Gilbert's syndrome is associated with mildly elevated levels of unconjugated bilirubin in absence of liver disease and is characterized by episodes of mild, intermittent jaundice. It is well known that a polymorphism in the promoter region of UGT1A1 gene is responsible for the elevated unconjugated hyperbilirubinaemia leading to GS,26 which is usually diagnosed incidentally during a lab investigation or when a light yellowish tinge of conjunctivae is noticed; both the features (elevated bilirubin levels and yellow eyes) tend to be repetitive causing undue anxiety in the patients and their attendants. Individuals with Gilbert's syndrome also develop gallstones necessitating cholecystectomy. It is not uncommon in clinical practice that the intermittent episodes of jaundice are ascribed to gall stone(s) left behind, leading to the risk of unwarranted operations on their bile ducts. Thus, it is prudent to determine the coexistence of Gilbert's syndrome in individuals with gallstone disease. In absence of detailed knowledge in the Indian population in this regard, we conducted the present study to determine how frequently these conditions coexist.

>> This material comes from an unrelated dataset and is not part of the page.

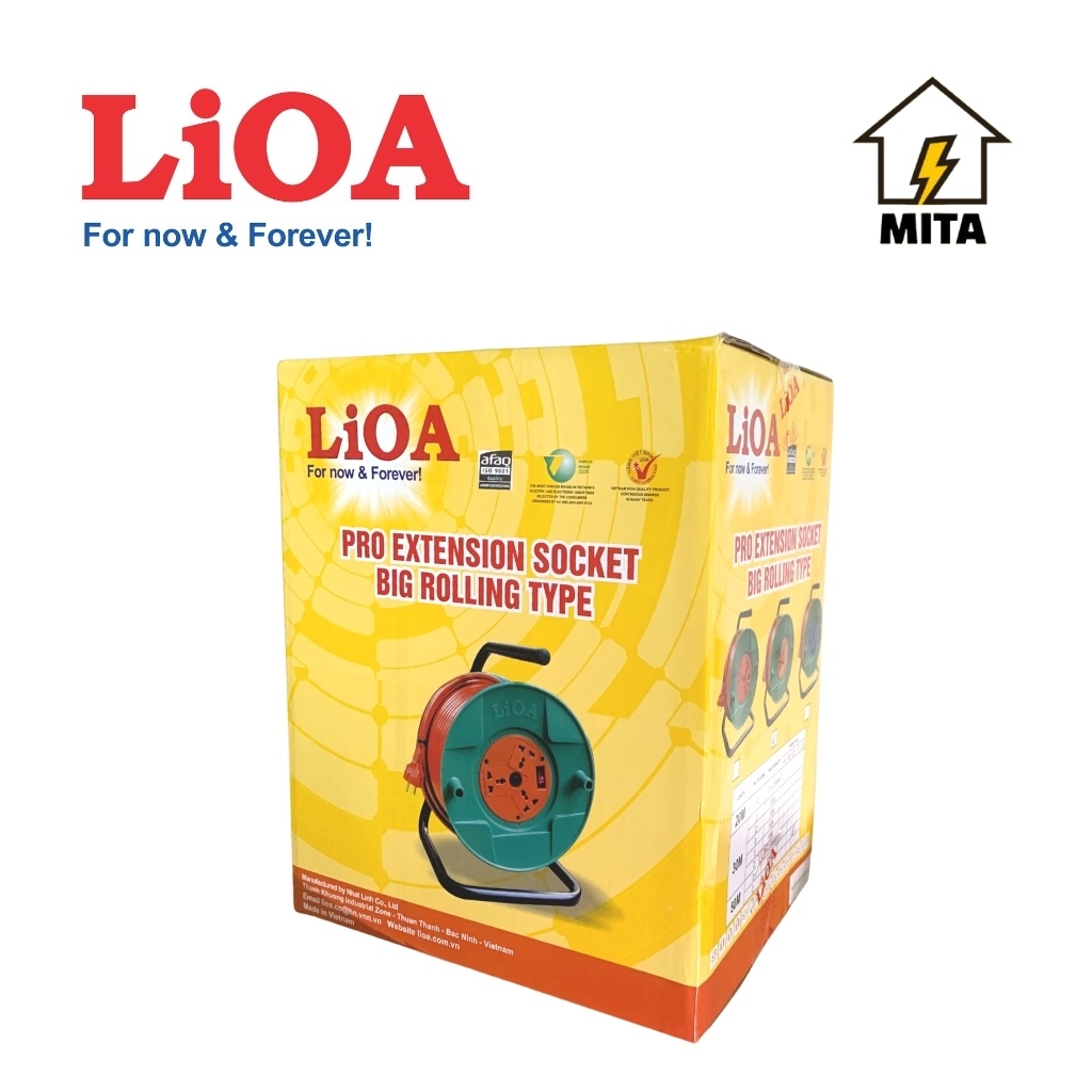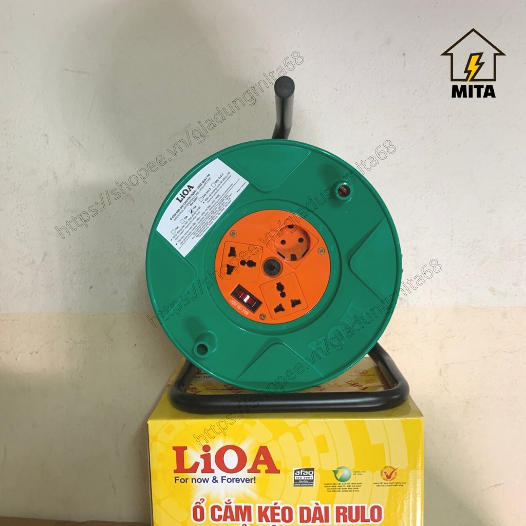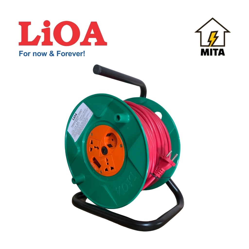 Giới thiệu Ổ cắm điện LiOA, ổ điện kéo dài quay tay dây dài 50m kiểu RULO loại phổ thông LiOA QT50-2-15A - MITA

The present study involved individuals with increased levels of circulating bilirubin and comparisons were made between patients confirmed for Gilbert's syndrome with or without concomitant gall stone disease in them. Bilirubin biosynthesis starts from hemoglobin metabolism, where heme is metabolized into biliverdin and then is converted to bilirubin which is termed as unconjugated or indirect bilirubin. The unconjugated bilirubin bound with albumin is transported via the bloodstream to the liver where it undergoes glucuronidation into conjugated bilirubin by the UDP-glucuronosyltransferase 1(UGT family enzyme); only UGT1A1 is involved in bilirubin conjugation.27 In our results we found lower conjugated bilirubin and higher unconjugated bilirubin levels but it's not statistically significant and there was significantly lower albumin and total proteins in GS subjects between with GD and without GD; albumin and UGT family of enzymes play an important role in conversion of unconjugated bilirubin into conjugated bilirubin. An increased unconjugated bilirubin has been proposed as the cause of pigment gallstones.8 We also found significantly lower hemoglobin, RBC and hematocrit which were haemolytic cause for the hyperbilirubinaemia.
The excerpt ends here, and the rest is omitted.